The presentation/discussion from the meeting last Thursday is available: slides and recording, thanks again @aartbik for driving this!

2 Likes

I see, so this dialect is purposely very specific to AMX and cannot be applied to other 2d TPUs that share very similar intrinsics: initialize or fill, load, store, multiply and add. I have the following concerns though:

  • The passes done like the verifier is duplication work that is already done in the backend (lowering to AMX tile LLVM intrinsics). Moreover, verifying that sizes do not exceed the tile sizes is too early to happen at this level IMO. This will inhibit the compiler from performing transformations like tiling, unroll and jam to retrieve the hardware tiles sizes and perform register reuse. Hardware tile sizes imposition should really happen at the backend level after performing this kind of optimizations.
  • Instead of the data layout (4 bytes packing), it seems you are using per byte computation. In _tile_dpbf16ps it takes a pair of bf16 elements to construct the 32 bits element, so the packing factor in this case is 2. (it is 4 pairs for 8 bits int type).
  • In this work, your are lowering from vector to AMX dialect then to LLVM IR AMX tile intrinsics. What are the optimizations that we cannot do at the vector level neither at the AMX tile intrinsics (backend) that should happen at the AMX dialect level?

Thanks,
Dounia

I am not sure the verification efforts are wasted, since the error messages will be much friendlier in terms of a MLIR context compared to errors generated much later by the backend on obscure internal intrinsics. Also, note that in the context in which this work is done, loop optimizations like tiling and such are supposed to be done by the higher levels in MLIR, while progressively lowering to the vector dialect, with each rewriting bringing the implementation closer and closer to the target ISA. Generating the AMX dialect would be the last step as far as MLIR is concerned.

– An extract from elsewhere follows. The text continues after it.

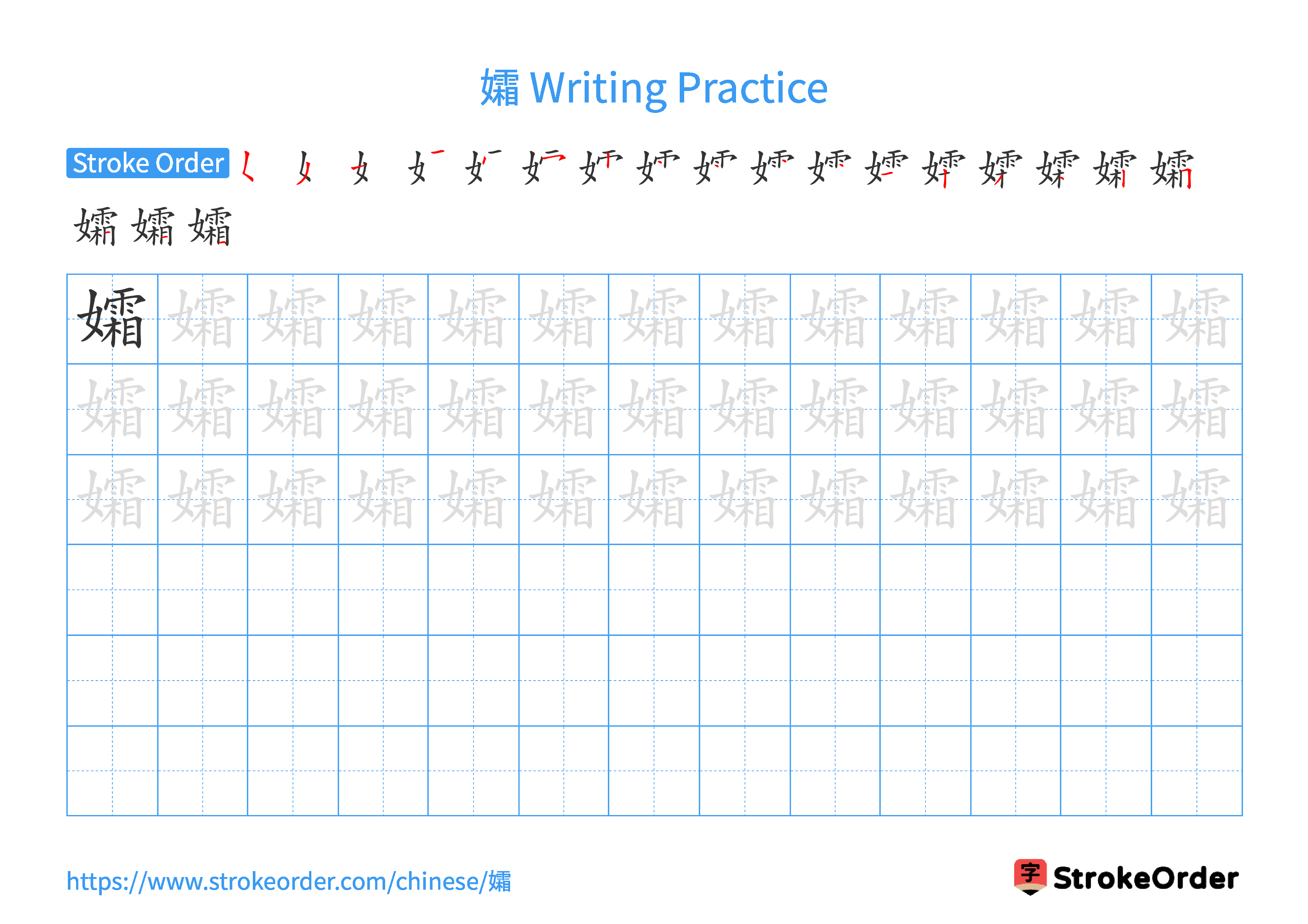Free Printable Handwriting Practice with Stroke Order: 孀

I agree that if the LLVM backend would do all the proper tiling and instruction selection, we would not need this HWV dialect, but could simply use our VV dialect, and rely on generic intrinsics and 2-d data types. But no such support exists today, so until that time, this dialect provides a convenient bridge to experiment with lowering strategies from MLIR into AMX (please read Nicolas’ vector dialect doc if you have not done so already, it explains this approach in detail).

I don’t understand your “it seems you are using per byte computation” remark. The MLIR operations operate on pairs of bf16 into f32 or quads of int8 into int32, just as required by AMX.